(Provided material):
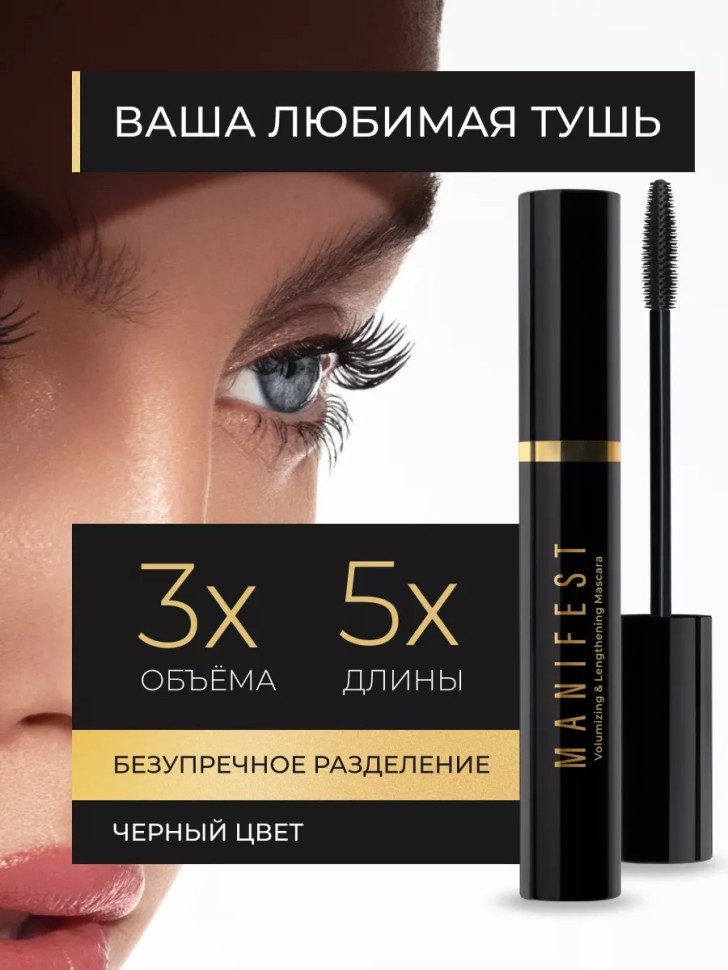 Черная тушь для ресниц с эффектом объема и удлинения Manifest мгновенно делает ресницы более густыми и выразительными. Благодаря насыщенной кремовой текстуре тушь легко наносится и отлично наслаивается, обеспечивая ресницам угольно-черный цвет и суперобъем. Эластичная щеточка туши для ресниц равномерно окрашивает волоски разной длины и жесткости, заметно приподнимает и придает им соблазнительный изгиб. Объемная удлиняющая тушь для ресниц не склеивает ресницы, не оставляет комочков и не осыпается после высыхания – с ней макияж легко продержится до 8-10 часов.​
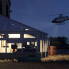 - Animated hangar doors which close at night.
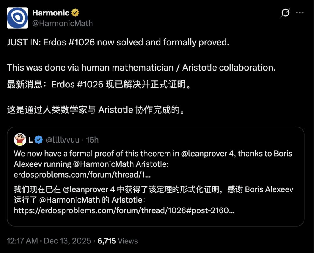 Harmonic官网也宣布了这一消息,其AI系统Aristotle参与了此次解题过程。
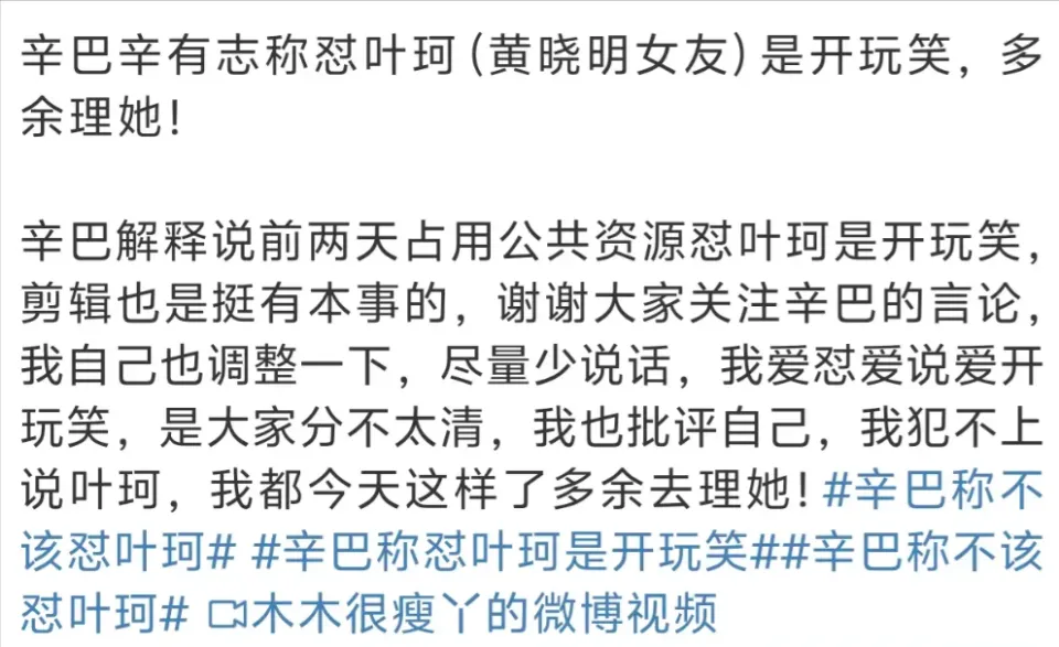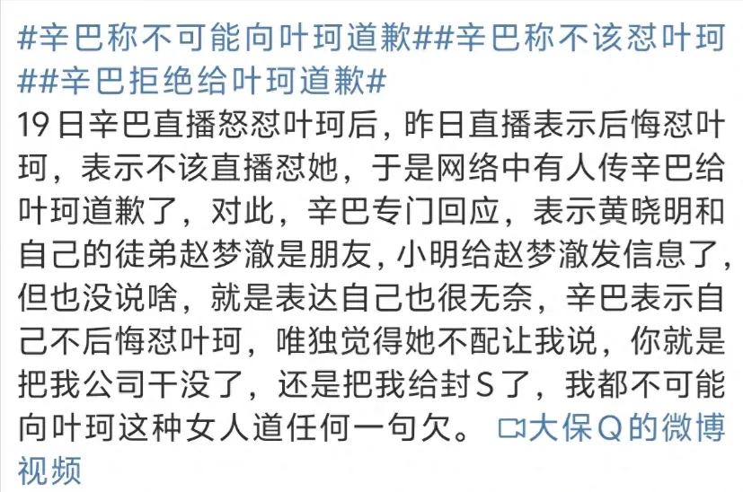 最近,被禁播了一个多月的辛巴刚刚回归直播,就又开始怼天怼地。 先是在直播间怒怼叶珂“滚出互联网”为伍佰出头,就在众网友鼓掌喝采辛巴不愧为互联网嘴替,说出了大家的心声时,他却突然怂了。 辛巴态度突然一百八十度变化,让人不禁好奇其改口背后的缘故起因。 难不成真的是被恶意剪辑了视频,导致他被断章取义了?有人推测是叶珂背后的黄晓明出面护她了,叶珂才敢在直播中强势回应表现“我就是这么牛”。 果然不出网友所料,辛巴之后在直播间里透露是黄晓明接洽了本身的徒弟赵梦澈,黄晓明固然和赵梦澈没有说什么,只是表达本身也很无奈。看在徒弟和黄晓明无奈的份上,辛巴妥协了。 辛巴也说了,黄晓明与赵梦澈两人是好朋侪,作为师傅好歹也要给徒弟面子,以是他也把态度放软了。 不外辛巴还是对峙本身不痛恨怼叶珂,只是经此一事后他以为叶珂不配被他搭理。 辛巴甚至扬言纵然把他的公司拖下水,把他给封了,他也绝不会给叶珂致歉。乍看之下还以为辛巴是给了黄晓明面子向叶珂致歉了,没想到黄晓明出面后辛巴的感情更加冲动。 10月23日,辛巴在与徒弟蛋蛋直播间连线的时间表现这些天本身爱怼爱说,占用了社会资源,“以后只管少语言,希望大家不要太过解读”。 就在大家以为他说这句话是隔空喊话叶珂和黄晓明的时间,辛巴话锋一转,表现与京东已经是相助多年的搭档。 “话说得发急就不对了,我本身也轻微调整了一下”,大家这才明白原来是在向刘强东致歉。 在双十一到来之前,辛巴就放话让京东双十一不要在背后搞小动作,不然他就把矛头对准刘强东。如今看来面临能为他提供长处的京东,辛巴还是能屈能伸的。 固然辛巴那天攻击叶珂的言论不当、有失分寸,作为公众人物如许的言辞还是剧烈了点,但还是有不少网友站队辛巴,对宣扬高调的叶珂早就看不惯了。 因此在辛巴改口之后,网友反而劝黄晓明不要再买水军帮叶珂找面子了,不值当。 值不值得还是得黄晓明说了才算,不外夹在辛巴与叶珂两个网红之间,纵然见过大风大浪的大明星黄晓明也是无奈至极。 别的一位受此风波影响的是辛巴的徒弟赵梦澈,在辛巴澄清了事情的来龙去脉后,赵梦澈这个名字就广为人知了。 身为黄晓明的挚友,此前他曾经公开表现认识黄晓明与叶珂,更对其品德给予高度评价。然而在辛巴表达对叶珂的不满之后,赵梦澈也急于撇清与黄晓明的关系了。 在最近一次直播里,面临与否和黄晓明保持接洽的标题,赵梦澈肉眼可见的尴尬,并立刻哀求大家不要再讨论这件事了,“别再跟我提这茬了,我不认识,不管是演员还是什么,我一个都不认识。” 对黄晓明与叶珂的话题不是借此机会蹭蹭流量,反而避之不及,赵梦澈的态度很耐人寻味。 网友推测他肯定是见辛巴下刻意与叶珂水火不容,怕得罪师傅辛巴才这么表态。也有人说赵梦澈双方都不站队才是保护本身。 无论是叶珂还是辛巴,网红经济除了直播带货就是一样寻常抬杠,如许的带货氛围肯定不能形成良性的经济发展环境。 希望网红的言行能审慎一些,不要为了博眼球做出颠覆三观的事情,辛巴和叶珂都应该留意。 |
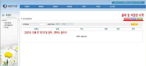 기부금 확인서를 출력하고자 할 때에는 ‘기부금’을 클릭 후 ”인쇄’ 클릭
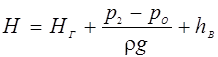 h В = h В.Н. + h В.ВС. – сумарний гідравлічний опір усмоктувального й нагнітаючого трубопроводів. Рівняння 3.12а використовується при підборі насосів для технологічних установок.
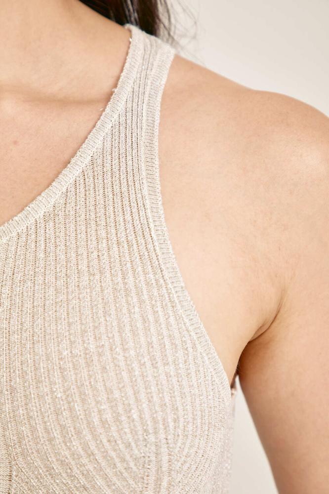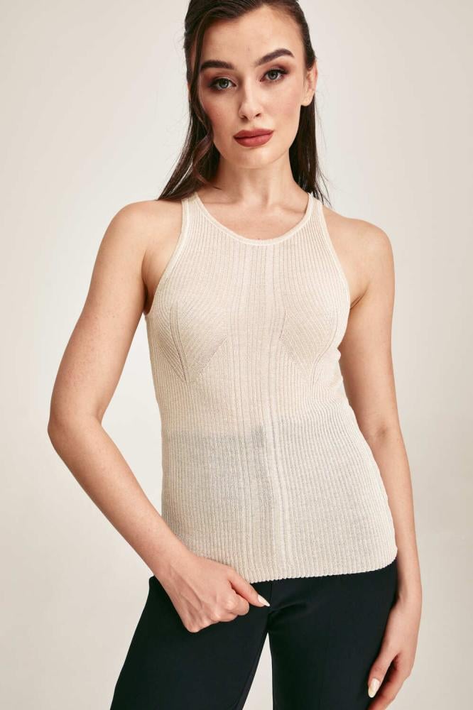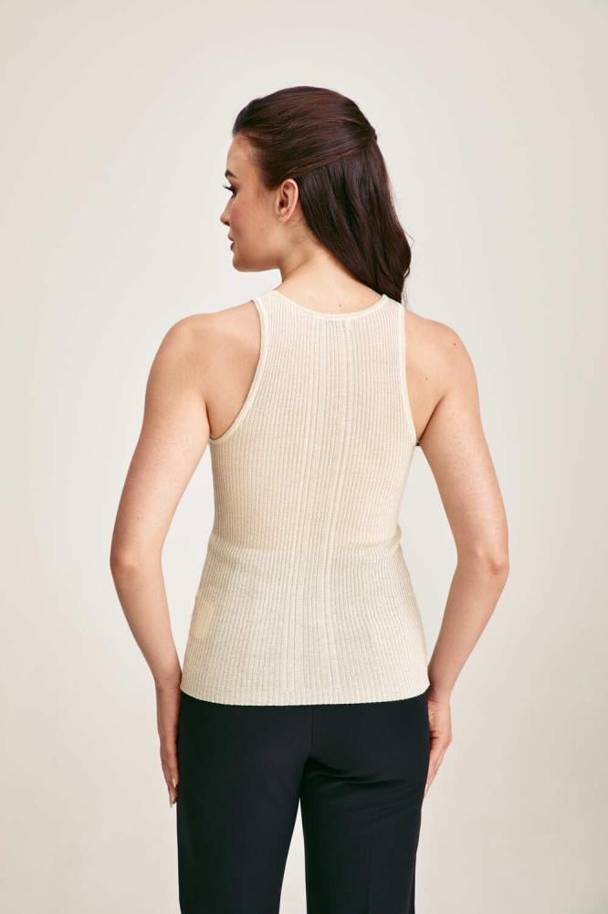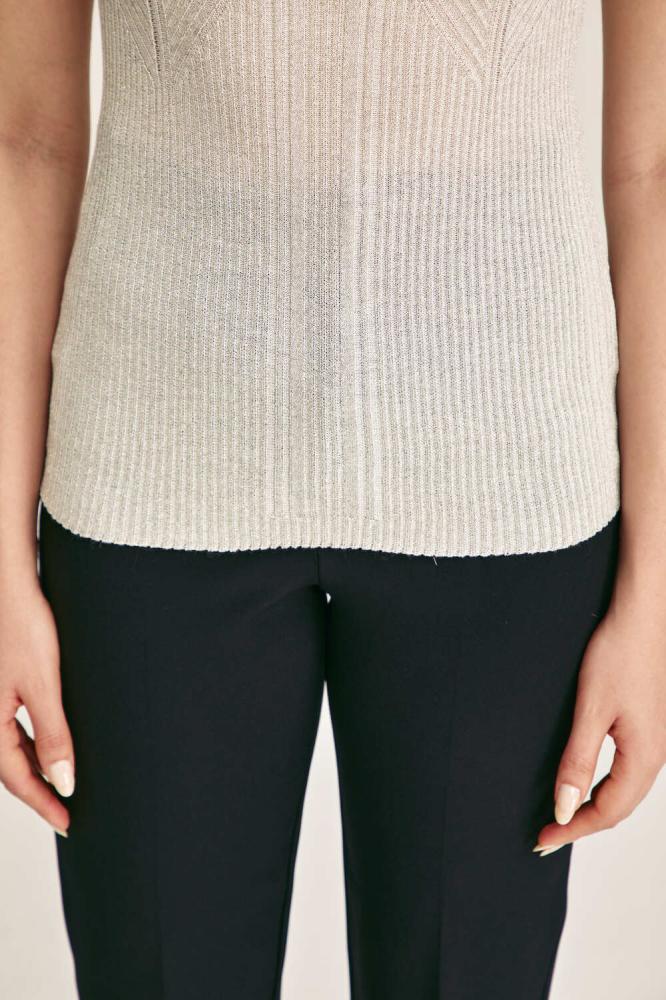 تتميز هذه البلوزة المحبوكة بتصميم بسيط وبياقة مستديرة وبلا أكمام، مما يجعلها مثالية للإرتداء تحت جاكيت لإطلالة شتوية متكاملة

(What you have to do):
Excerpt from the records above: set down only the lines from the one that contains "- Animated hangar" through the one that contains "Harmonic官网也宣布了", inclusive, word for word. Pictures stay out.

(Result for this exercise):
 - Animated hangar doors which close at night.
 Harmonic官网也宣布了这一消息,其AI系统Aristotle参与了此次解题过程。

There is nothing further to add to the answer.